**Exercise input:**

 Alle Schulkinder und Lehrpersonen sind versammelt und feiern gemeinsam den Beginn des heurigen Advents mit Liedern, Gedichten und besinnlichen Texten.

...

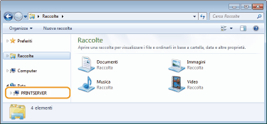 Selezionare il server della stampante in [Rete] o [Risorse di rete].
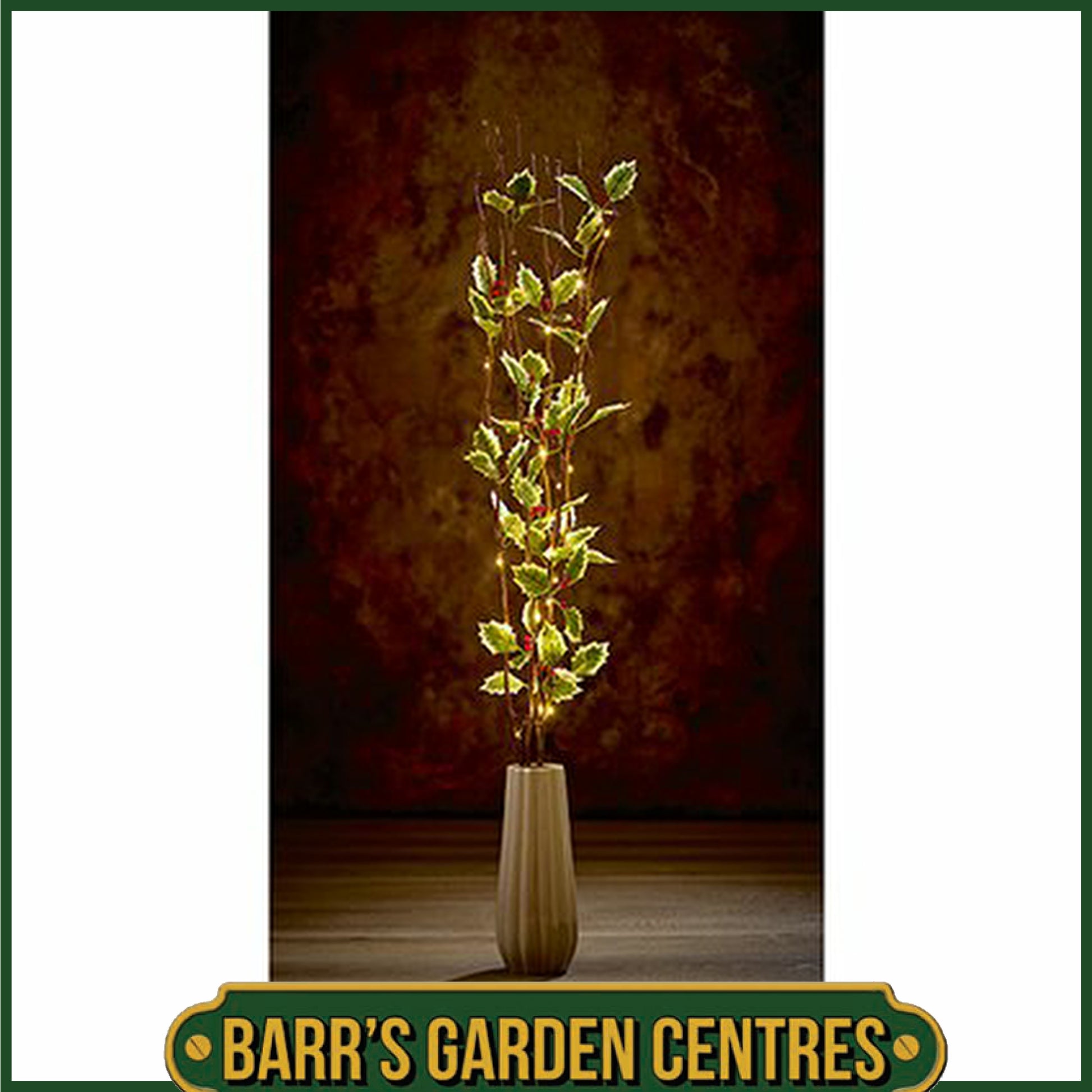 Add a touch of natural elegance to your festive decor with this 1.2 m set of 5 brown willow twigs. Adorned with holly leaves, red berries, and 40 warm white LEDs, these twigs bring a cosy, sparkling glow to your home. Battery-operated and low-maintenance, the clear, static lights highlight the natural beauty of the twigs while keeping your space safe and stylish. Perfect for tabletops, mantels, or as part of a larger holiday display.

**Your instructions:**
From the line holding "Selezionare il server" to the line holding "Add a touch", both included, retype the entries above exactly and drop the pictures.

**Exercise answer:**
 Selezionare il server della stampante in [Rete] o [Risorse di rete].
 Add a touch of natural elegance to your festive decor with this 1.2 m set of 5 brown willow twigs. Adorned with holly leaves, red berries, and 40 warm white LEDs, these twigs bring a cosy, sparkling glow to your home. Battery-operated and low-maintenance, the clear, static lights highlight the natural beauty of the twigs while keeping your space safe and stylish. Perfect for tabletops, mantels, or as part of a larger holiday display.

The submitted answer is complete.